Кочегар машет безнадежно рукой и скрывается в будке.

Молчат оба. Кавалерист отирает пот сорванной с ноги онучей.

— Ну, жарко сегодня…

5. Кто куда

— Сволочи, трусы, банда, ложись в цепь! — хрипит Пережогин, прыгая за насыпь к паровозу.

— Та-та-та-та… та… щелкают пули по эшелону, по рельсам.

— Вон-от, вон туда стреляй, — и Пережогин сам направляет пулемет и начинает спускать ленту.

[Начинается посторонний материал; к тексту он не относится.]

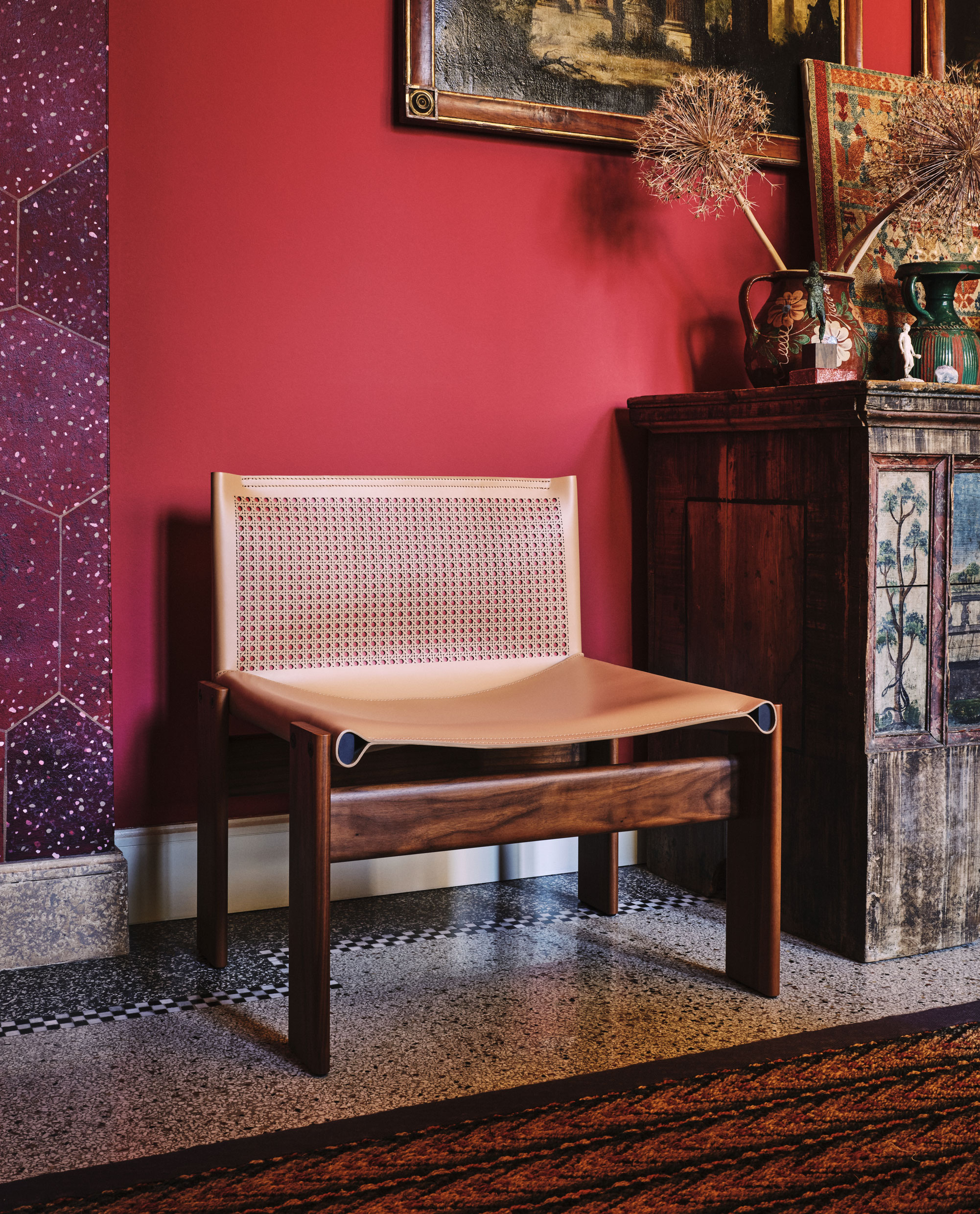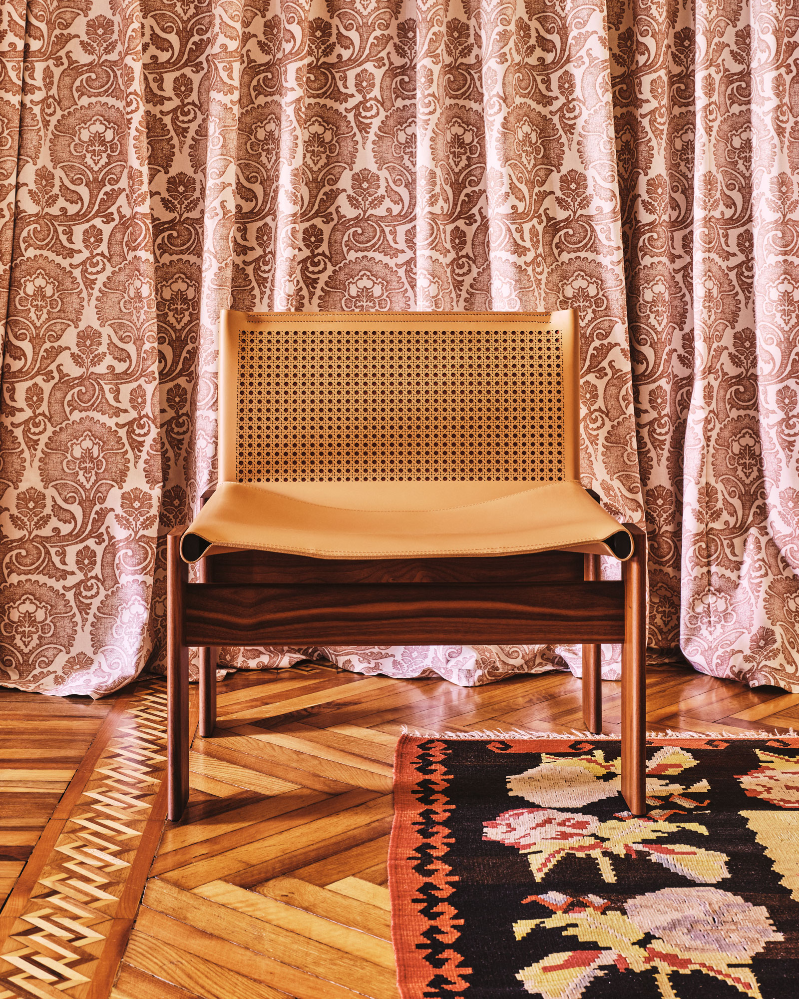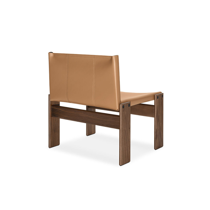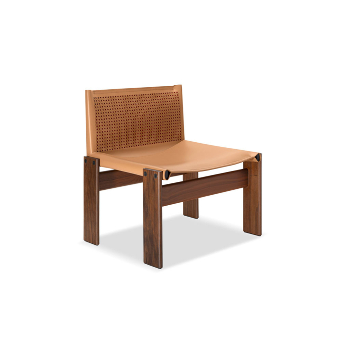 Cabanaとのコラボレーションによる限定モデルのMonkアームチェア。モダニズムデザインに独特の華やぎを添えます。アメリカンウォールナットのフレームが支えるのは、藤編みからインスピレーションを得てCabanaがデザインしたレーザーカットモチーフが特徴的なハイドレザー製バックレスト。

За поворотом, небольшой кавалерийский отряд рассыпался, в цепь спешившись — это казаки. Другой двигается в обход…

Слышно, как хрустит валежник…

— Обходят!.. — кричит на самое ухо Пережогина Митька, — зубы его чакают, — в эшелон ба…

— Собака, золото делить мастер, а защищаться?.. — лежи тут, готовь ленты.

— Вы куда? Раз…такая ваша мать, — и пулемет его повертывается по своим стрелкам, начинающим уходить за насыпь:

— Пах… — Перестреляю!.. — гремит он из-за шума пулемета.

Сзади эшелона уже начали сгружать лошадей.

— Ура!.. — и казачий эскадрон бросается из-за деревьев к насыпи.

Жжж… та-та-та…

— Подождите, голубчики!.. так-так — пулемет горгочет, скашивая кавалерийскую цепь.

— Митька, ленту…

И опять…

— Уходят, проклятые, — и Пережогин вдогонку им посылает еще несколько очередей. — Митька… ленту!.. — Он оглядывается, но Митька улепетывает к эшелону.

В хвосте поезда раздается взрыв, потом несколько голосов:

— Броневик!.. броневик!.. — все кидаются к лошадям, — стаскивают их, взнуздают, садятся, бросаются в рассыпную — кто куда, в кусты, в тайгу…

Из-за поворота, там, за деревьями, показывается дымок броневика.

— Эх, дьяволы!.. — и, взвалив на себя пулемет, Пережогин двигается к эшелону.